- [Extracted records]:
::::::

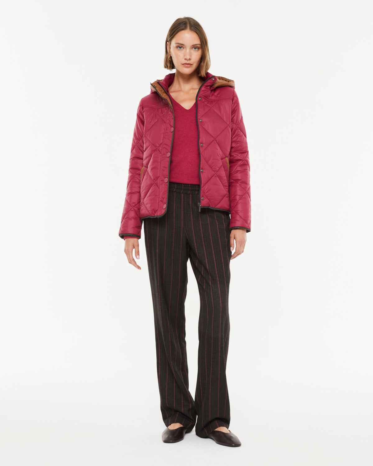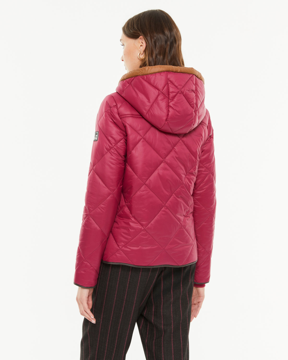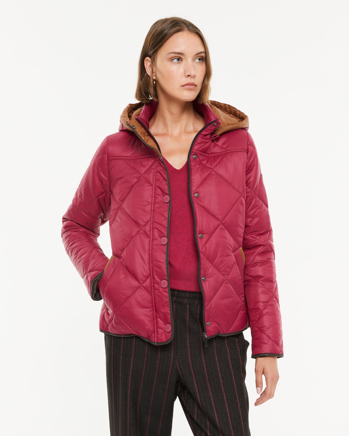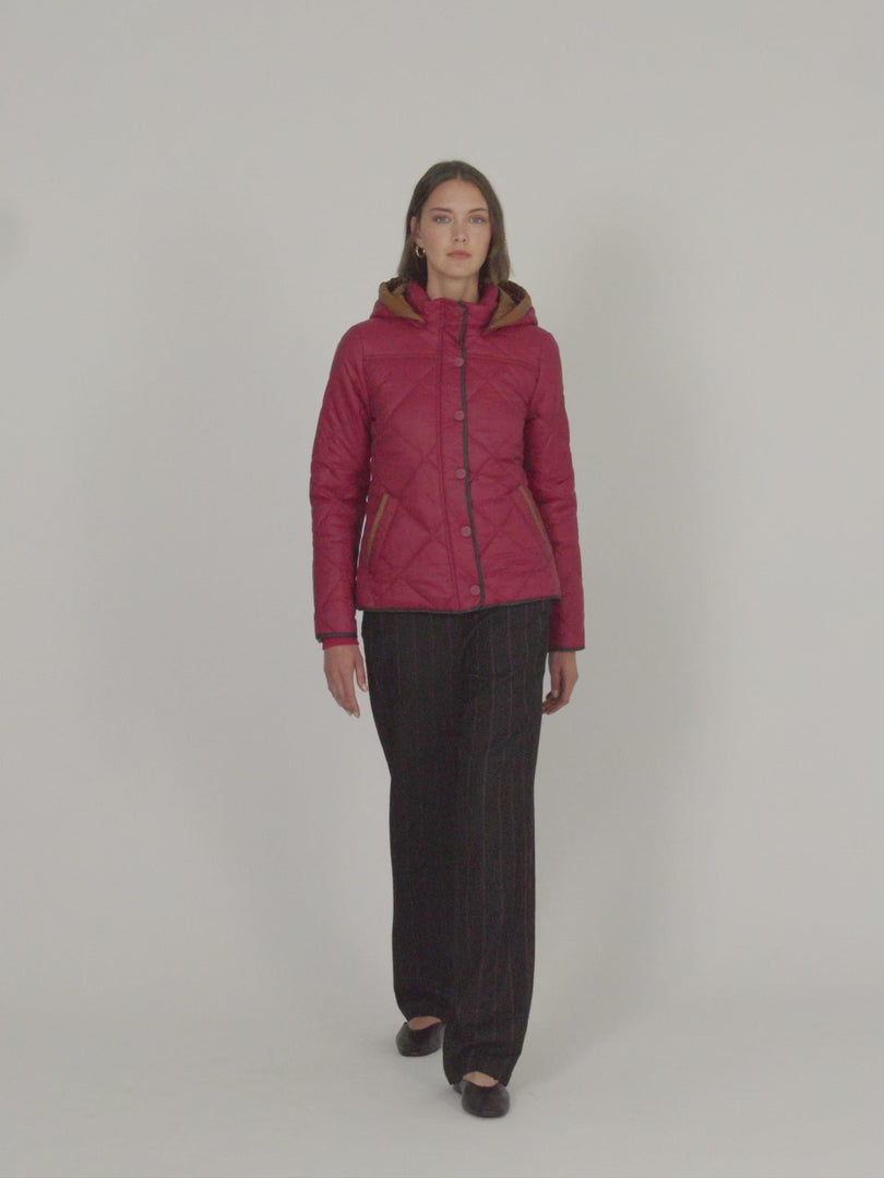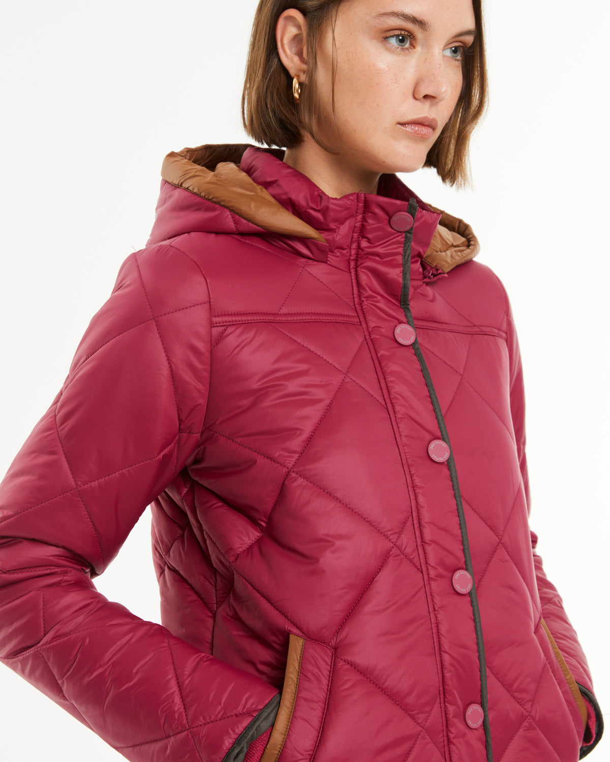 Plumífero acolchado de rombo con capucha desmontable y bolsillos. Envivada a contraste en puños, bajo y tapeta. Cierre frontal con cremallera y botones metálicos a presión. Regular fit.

::::::

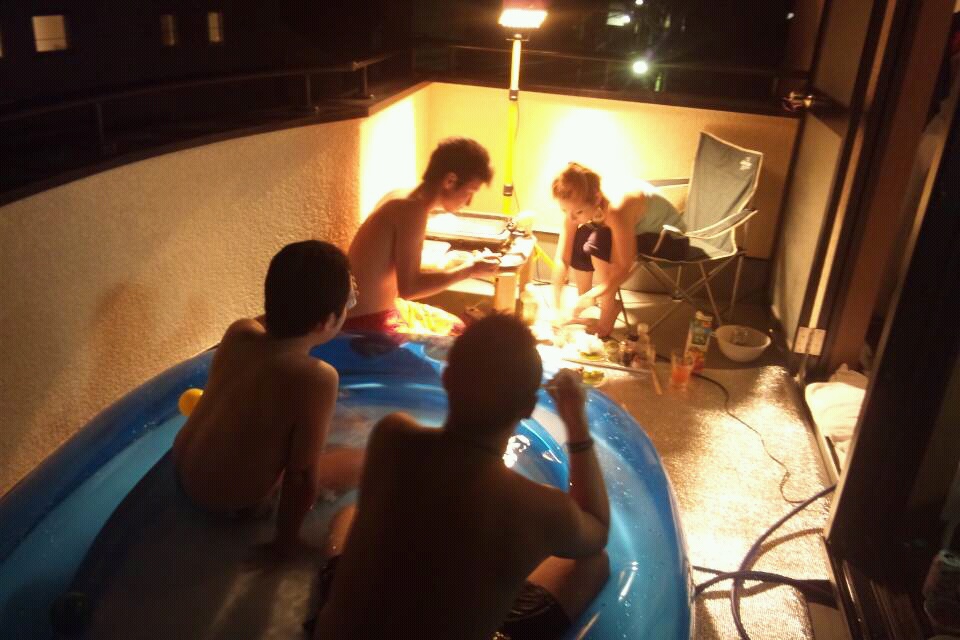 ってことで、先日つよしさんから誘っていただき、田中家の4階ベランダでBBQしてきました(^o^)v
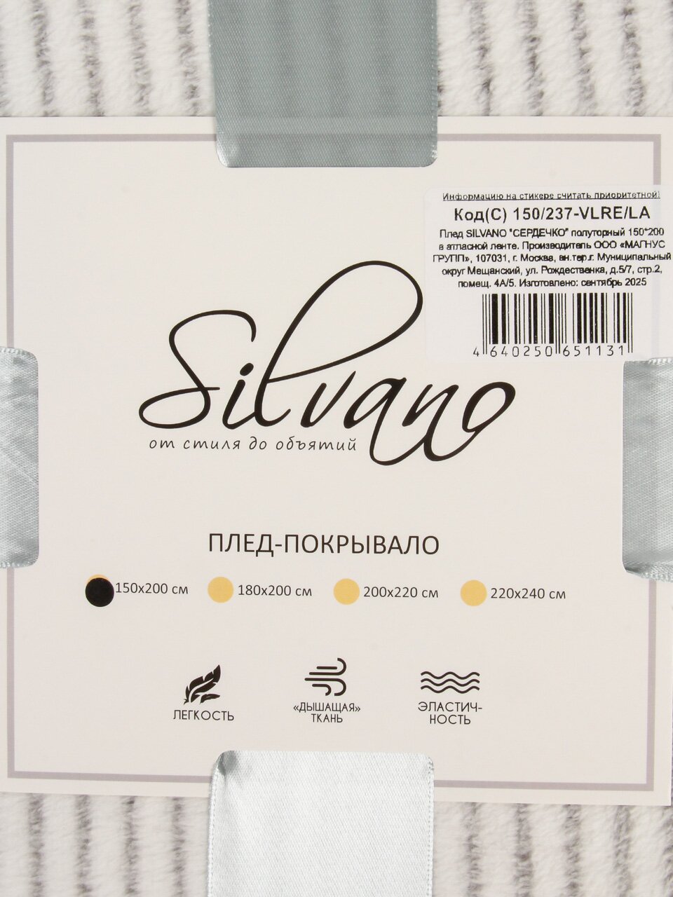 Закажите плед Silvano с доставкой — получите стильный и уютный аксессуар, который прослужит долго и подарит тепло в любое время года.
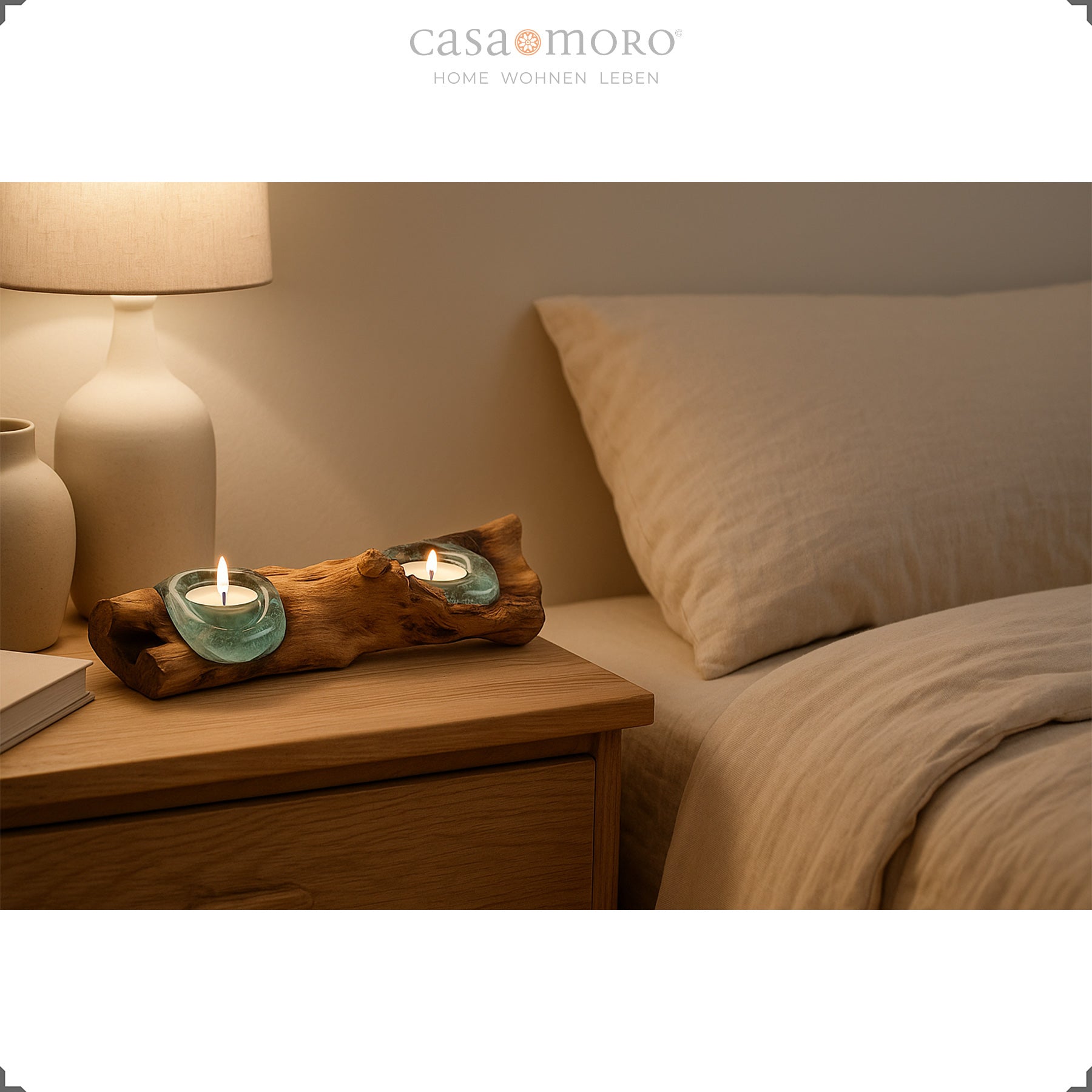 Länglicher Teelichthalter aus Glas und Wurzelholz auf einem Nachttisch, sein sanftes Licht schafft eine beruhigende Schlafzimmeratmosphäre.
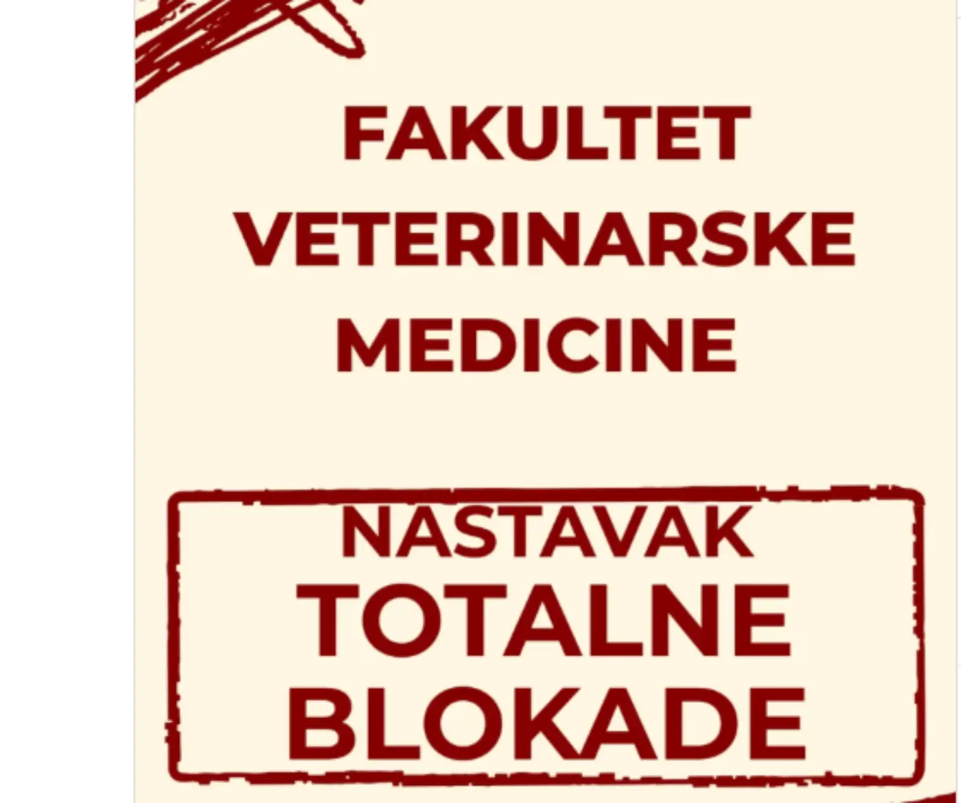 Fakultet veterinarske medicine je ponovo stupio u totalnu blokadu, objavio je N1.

::::::

- [Brief]: Make an exact copy of the lines above, beginning with the line with "ってことで、先日つよしさんか" and ending with the line with "Fakultet veterinarske medicine", and keep the pictures out of it.

- [Task output]:
 ってことで、先日つよしさんから誘っていただき、田中家の4階ベランダでBBQしてきました(^o^)v
 Закажите плед Silvano с доставкой — получите стильный и уютный аксессуар, который прослужит долго и подарит тепло в любое время года.
 Länglicher Teelichthalter aus Glas und Wurzelholz auf einem Nachttisch, sein sanftes Licht schafft eine beruhigende Schlafzimmeratmosphäre.
 Fakultet veterinarske medicine je ponovo stupio u totalnu blokadu, objavio je N1.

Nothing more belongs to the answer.